──────── INPUT DATA

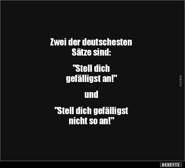 Zwei der deutschesten Sätze sind: "Stell dich gefälligst an!" und "Stell dich gefälligst nicht so an!"
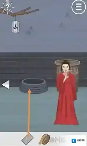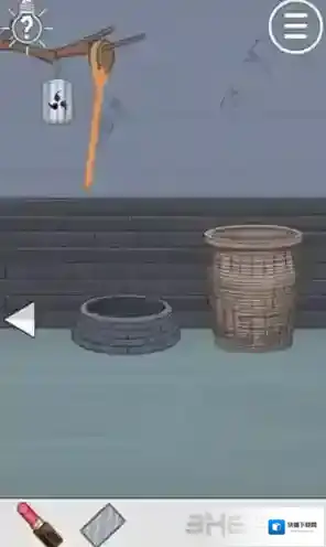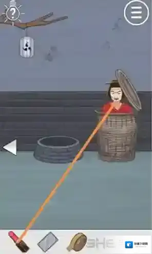 随后选择镜子,将其移动到下图箭头所指的井上,之后返回左边。
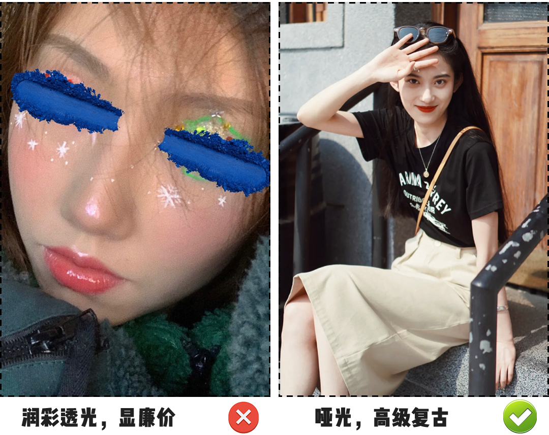 港风红唇的颜色是稳重饱和的, 我建议姐妹们 选择与妆面一致的哑光款 这样整体妆容会更加精致,艳而不俗

────────────────

TASK ITEM.
The range to transcribe runs from the line holding "随后选择镜子,将其移动到下图箭头所指的井上,之后返回左边。" through the final line of the data above; copy it exactly and exclude the pictures.

ANSWER AREA.
 随后选择镜子,将其移动到下图箭头所指的井上,之后返回左边。
 港风红唇的颜色是稳重饱和的, 我建议姐妹们 选择与妆面一致的哑光款 这样整体妆容会更加精致,艳而不俗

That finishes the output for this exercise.